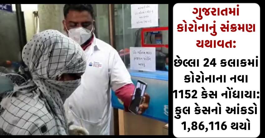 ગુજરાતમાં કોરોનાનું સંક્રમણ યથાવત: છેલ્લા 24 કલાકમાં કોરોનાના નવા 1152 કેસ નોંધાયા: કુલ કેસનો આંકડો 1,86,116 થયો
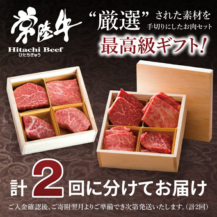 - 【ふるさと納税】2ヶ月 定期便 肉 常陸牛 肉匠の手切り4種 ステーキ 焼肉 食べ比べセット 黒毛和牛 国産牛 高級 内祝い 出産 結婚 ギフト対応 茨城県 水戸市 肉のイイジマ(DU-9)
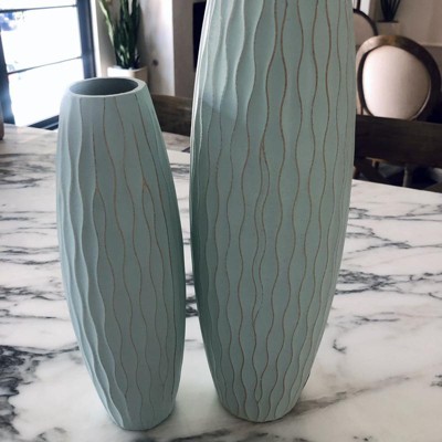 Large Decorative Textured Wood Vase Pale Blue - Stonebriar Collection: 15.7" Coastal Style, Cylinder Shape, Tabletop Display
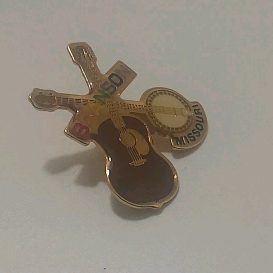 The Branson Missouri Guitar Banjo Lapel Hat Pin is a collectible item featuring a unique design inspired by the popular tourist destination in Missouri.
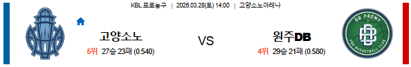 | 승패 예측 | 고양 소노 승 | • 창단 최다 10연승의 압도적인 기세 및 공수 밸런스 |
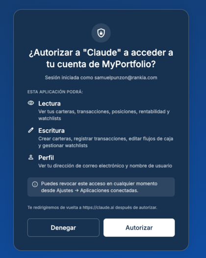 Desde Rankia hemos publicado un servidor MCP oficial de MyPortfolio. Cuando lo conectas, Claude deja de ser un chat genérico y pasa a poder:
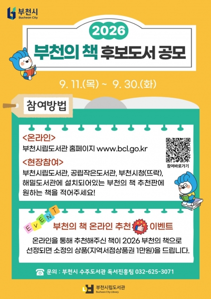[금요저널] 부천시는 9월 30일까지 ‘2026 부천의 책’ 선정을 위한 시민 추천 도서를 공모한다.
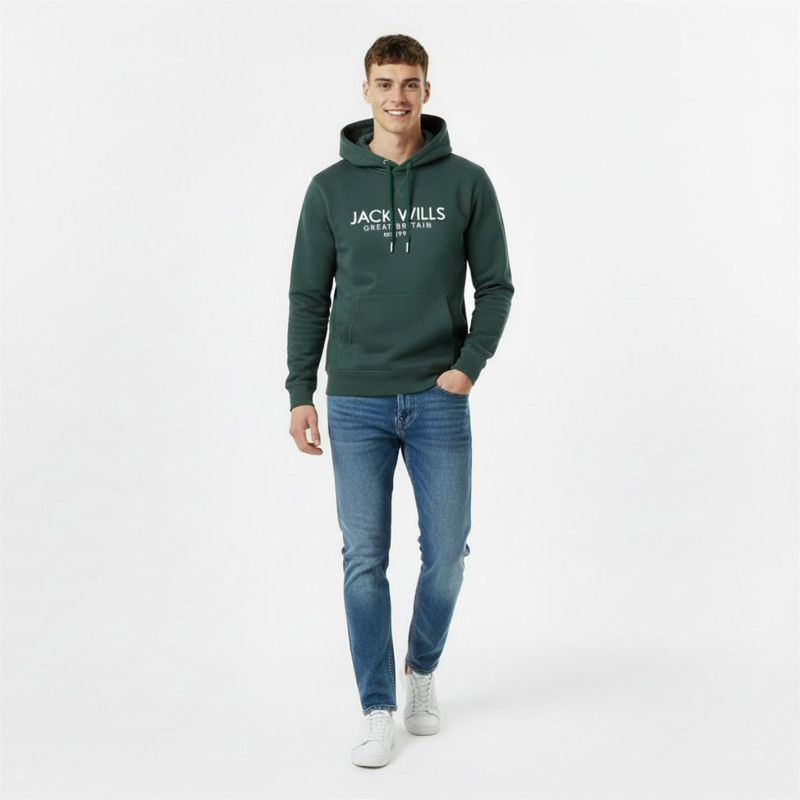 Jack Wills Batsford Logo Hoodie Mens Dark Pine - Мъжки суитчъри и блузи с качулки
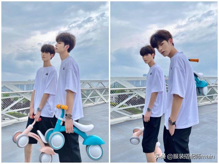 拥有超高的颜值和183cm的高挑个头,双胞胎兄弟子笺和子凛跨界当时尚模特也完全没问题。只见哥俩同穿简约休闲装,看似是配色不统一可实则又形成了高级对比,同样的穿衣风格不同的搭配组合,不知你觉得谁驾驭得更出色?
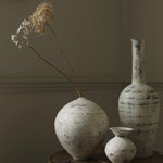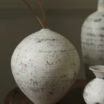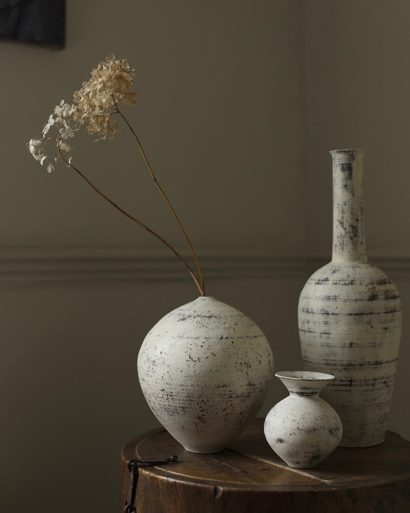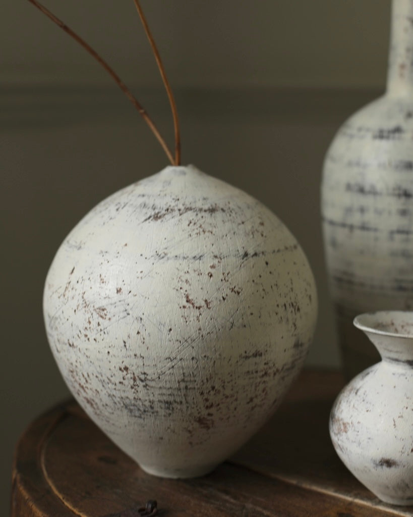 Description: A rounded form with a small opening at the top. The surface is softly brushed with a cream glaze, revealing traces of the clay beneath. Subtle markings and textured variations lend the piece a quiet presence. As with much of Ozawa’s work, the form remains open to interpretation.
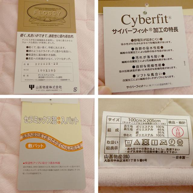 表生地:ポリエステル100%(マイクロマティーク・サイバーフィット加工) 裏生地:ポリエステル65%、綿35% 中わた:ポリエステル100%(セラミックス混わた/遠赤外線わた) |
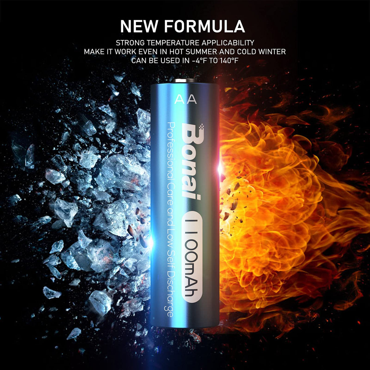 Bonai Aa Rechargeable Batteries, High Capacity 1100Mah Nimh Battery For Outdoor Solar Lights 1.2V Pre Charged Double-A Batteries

==

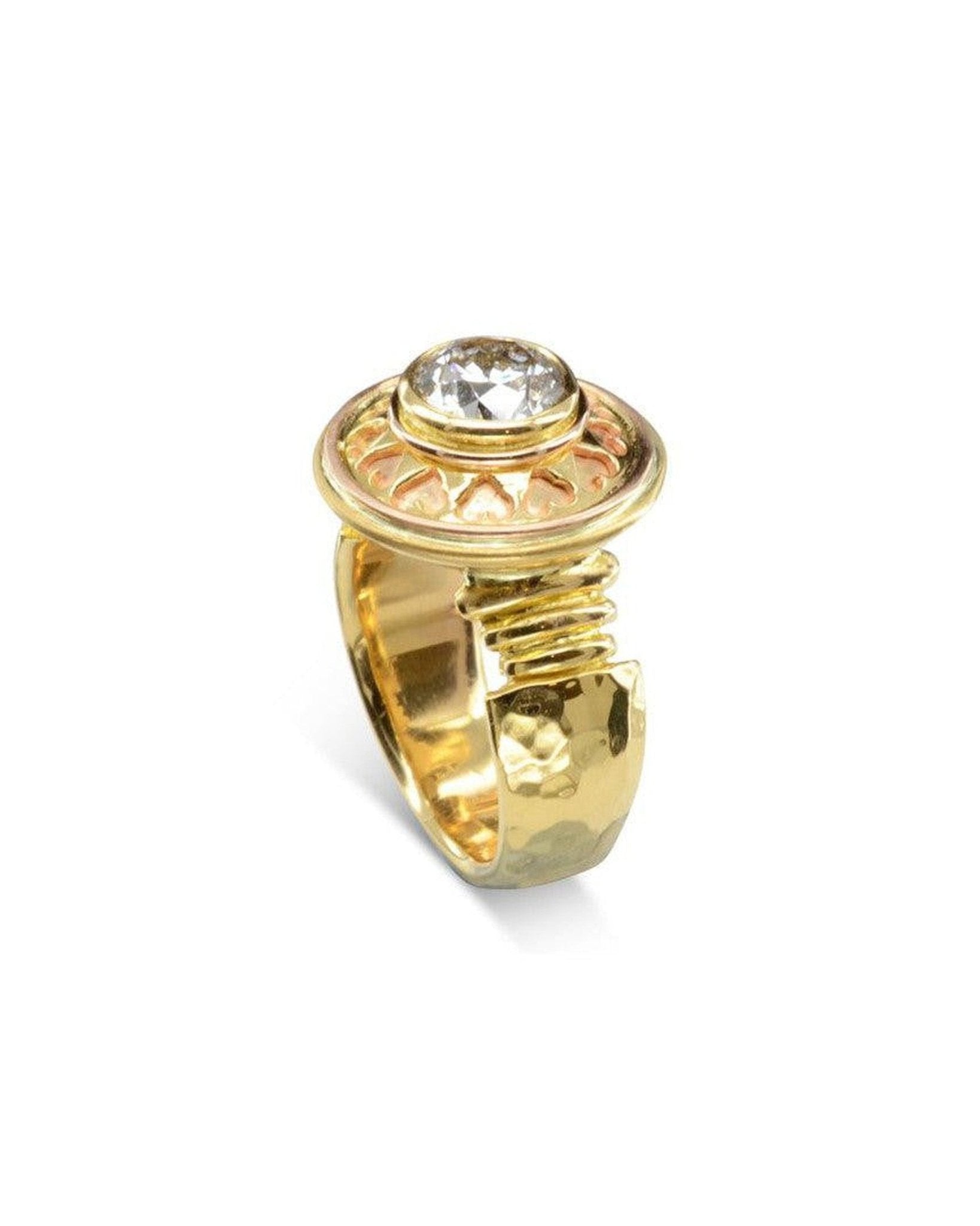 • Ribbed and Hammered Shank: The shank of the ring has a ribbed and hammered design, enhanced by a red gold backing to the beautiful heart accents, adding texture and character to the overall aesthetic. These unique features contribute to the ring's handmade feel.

### Exercise brief
In the entries above, find the line with "Large Decorative Textured" and the line with "拥有超高的颜值和183cm的". Return exactly those lines and all the ones between them, pictures excluded.

### Finished task
 Large Decorative Textured Wood Vase Pale Blue - Stonebriar Collection: 15.7" Coastal Style, Cylinder Shape, Tabletop Display
 The Branson Missouri Guitar Banjo Lapel Hat Pin is a collectible item featuring a unique design inspired by the popular tourist destination in Missouri.
 | 승패 예측 | 고양 소노 승 | • 창단 최다 10연승의 압도적인 기세 및 공수 밸런스 |
 Desde Rankia hemos publicado un servidor MCP oficial de MyPortfolio. Cuando lo conectas, Claude deja de ser un chat genérico y pasa a poder:
[금요저널] 부천시는 9월 30일까지 ‘2026 부천의 책’ 선정을 위한 시민 추천 도서를 공모한다.
 Jack Wills Batsford Logo Hoodie Mens Dark Pine - Мъжки суитчъри и блузи с качулки
 拥有超高的颜值和183cm的高挑个头,双胞胎兄弟子笺和子凛跨界当时尚模特也完全没问题。只见哥俩同穿简约休闲装,看似是配色不统一可实则又形成了高级对比,同样的穿衣风格不同的搭配组合,不知你觉得谁驾驭得更出色?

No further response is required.